## Work request
The entries that follow include a run beginning at the line with "ヘコむあだ名 | 『りぞ太郎』『りぞ(遠い目)』『豆乳』 |" and ending at the line with "Projektu Uchwały Rady"; restate that run word for word and leave the rest out.

[[ Records shown, beginning ]]

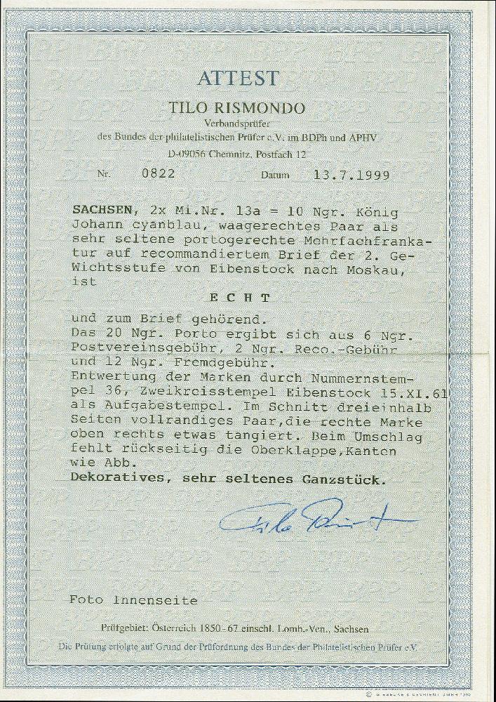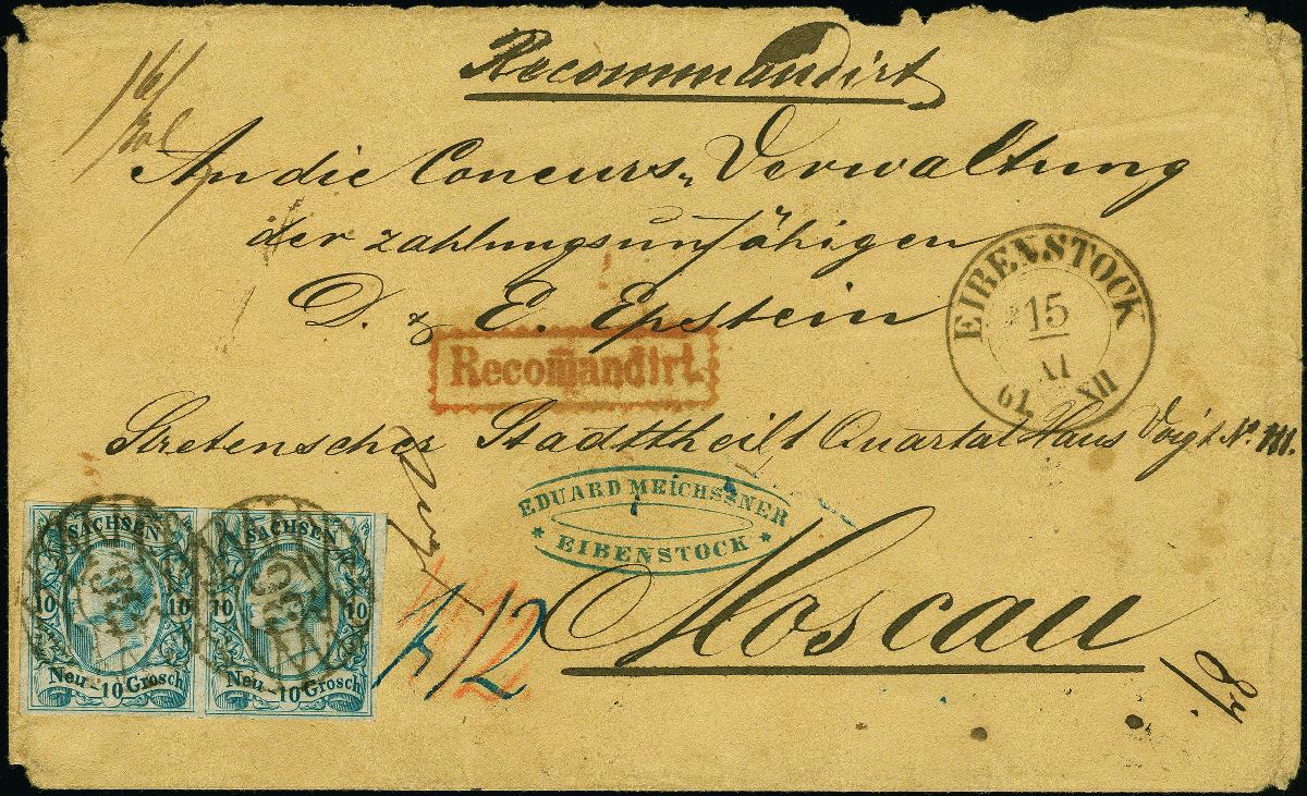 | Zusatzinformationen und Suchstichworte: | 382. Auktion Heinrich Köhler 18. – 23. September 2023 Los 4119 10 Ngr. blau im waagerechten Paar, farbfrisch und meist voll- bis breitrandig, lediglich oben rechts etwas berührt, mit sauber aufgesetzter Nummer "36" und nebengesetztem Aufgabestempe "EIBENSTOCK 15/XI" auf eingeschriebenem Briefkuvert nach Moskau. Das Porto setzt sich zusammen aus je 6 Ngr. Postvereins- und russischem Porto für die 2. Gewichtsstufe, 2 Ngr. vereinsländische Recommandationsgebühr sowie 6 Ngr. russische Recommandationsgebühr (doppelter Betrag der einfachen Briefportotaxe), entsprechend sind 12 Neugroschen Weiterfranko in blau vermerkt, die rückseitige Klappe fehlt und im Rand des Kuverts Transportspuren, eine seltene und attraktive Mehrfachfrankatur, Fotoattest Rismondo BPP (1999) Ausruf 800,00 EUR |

[[ Records shown, end ]]
[[ Records shown, beginning ]]

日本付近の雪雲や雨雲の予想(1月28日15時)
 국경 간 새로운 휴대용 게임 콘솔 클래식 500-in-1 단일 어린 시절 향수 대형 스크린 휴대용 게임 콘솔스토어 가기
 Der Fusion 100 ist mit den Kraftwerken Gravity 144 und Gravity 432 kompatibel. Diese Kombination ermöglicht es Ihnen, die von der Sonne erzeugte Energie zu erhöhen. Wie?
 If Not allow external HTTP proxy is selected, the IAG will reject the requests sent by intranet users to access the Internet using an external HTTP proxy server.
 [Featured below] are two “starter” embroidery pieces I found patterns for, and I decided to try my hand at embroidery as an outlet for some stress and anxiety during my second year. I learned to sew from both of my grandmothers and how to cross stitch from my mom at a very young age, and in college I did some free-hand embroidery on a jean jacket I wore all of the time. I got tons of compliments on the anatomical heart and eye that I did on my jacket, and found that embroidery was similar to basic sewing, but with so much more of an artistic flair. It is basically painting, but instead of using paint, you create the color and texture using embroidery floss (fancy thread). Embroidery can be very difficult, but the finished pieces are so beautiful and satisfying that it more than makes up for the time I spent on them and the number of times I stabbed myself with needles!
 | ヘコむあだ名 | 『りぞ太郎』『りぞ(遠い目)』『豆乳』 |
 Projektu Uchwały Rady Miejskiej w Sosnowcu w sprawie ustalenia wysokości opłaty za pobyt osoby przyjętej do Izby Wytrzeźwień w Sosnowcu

[[ Records shown, end ]]
[[ Records shown, beginning ]]

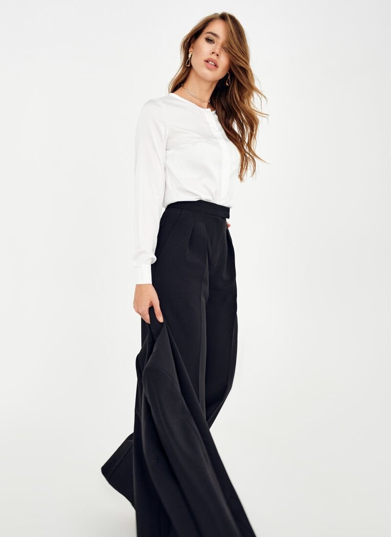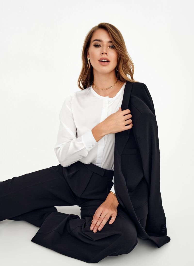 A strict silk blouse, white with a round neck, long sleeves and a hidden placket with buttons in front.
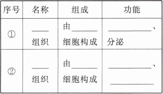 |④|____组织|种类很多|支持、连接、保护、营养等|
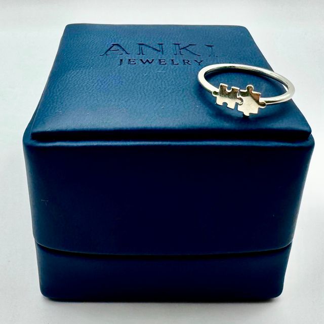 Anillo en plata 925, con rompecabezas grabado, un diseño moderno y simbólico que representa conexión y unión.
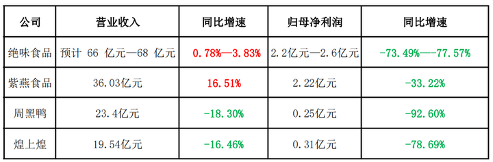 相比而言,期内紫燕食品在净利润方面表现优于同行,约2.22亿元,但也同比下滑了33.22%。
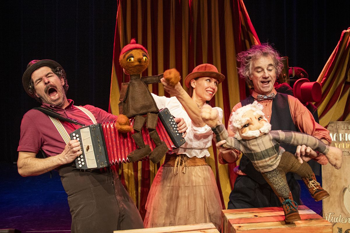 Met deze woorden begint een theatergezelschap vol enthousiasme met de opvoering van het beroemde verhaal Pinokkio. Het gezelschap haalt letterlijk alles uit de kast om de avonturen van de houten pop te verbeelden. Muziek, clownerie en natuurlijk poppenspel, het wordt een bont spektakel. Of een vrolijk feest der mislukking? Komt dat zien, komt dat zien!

[[ Records shown, end ]]

## Task answer
 | ヘコむあだ名 | 『りぞ太郎』『りぞ(遠い目)』『豆乳』 |
 Projektu Uchwały Rady Miejskiej w Sosnowcu w sprawie ustalenia wysokości opłaty za pobyt osoby przyjętej do Izby Wytrzeźwień w Sosnowcu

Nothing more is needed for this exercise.